On appeal Parada argued, inter alia, that the trial judge erred in allowing the officer to give "opinion" evidence related to the SFSTs without being qualified as an "expert" and requiring 657.3 notice.
The Court of Appeal dismissed the appeal. The court began by noting that there are three recognized "categories" of experts capable of providing opinion evidence: (i) Mohan qualified experts; (ii) lay witness opinions (see Graat); and (iii) statutory experts. In relation to the statutory experts the court cited Bingley, 2015 ONCA 439. The court noted that in that case the ONCA held that drug recognition officers (evaluating officers as per s254 Code) need not be qualified to give an opinion on impairment. The statutory scheme, including the Code provisions and Regulations, provide the authority to permit DRE officers to give such an opinion.

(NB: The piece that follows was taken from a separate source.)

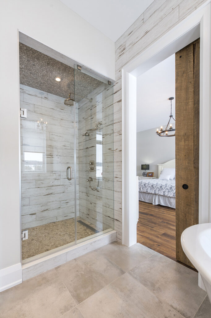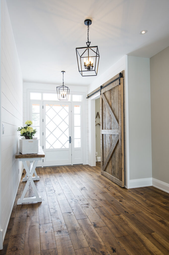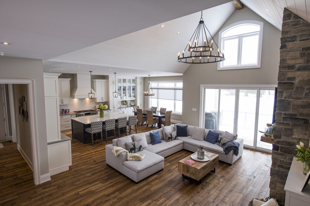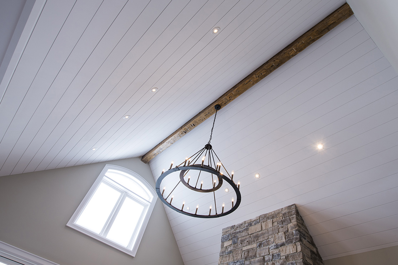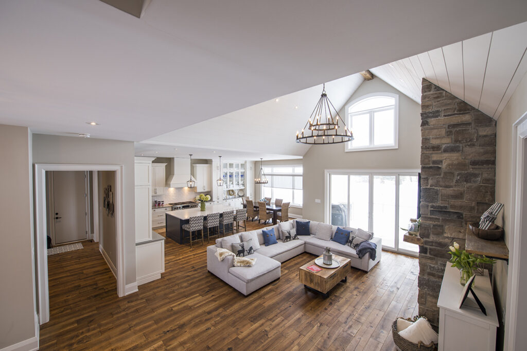 The beams in the living room are 300 years old and came from an old post office. The gorgeous fireplace is a Town & Country Fireplace with Essex County natural stone.

In the present case section 254(2)(a) does not require that the officer be an "evaluating officer". If DREs need not be qualified under Mohan, the court concluded that officers performing the SFSTs need not be qualified under Mohan to provide evidence (admissible only for grounds at any rate) on the SFST tests.
Parada is another helpful decision settling the law across the country on issues related to the drug impaired driving provisions. As in Bingley, the court recognized the existence of "statutory" experts capable of giving an opinion pursuant to their qualifications under statute. This approach is logical, reasonable and consistent with statutory interpretation. It is one that the Supreme Court will likely accept when Bingley is decided later this year.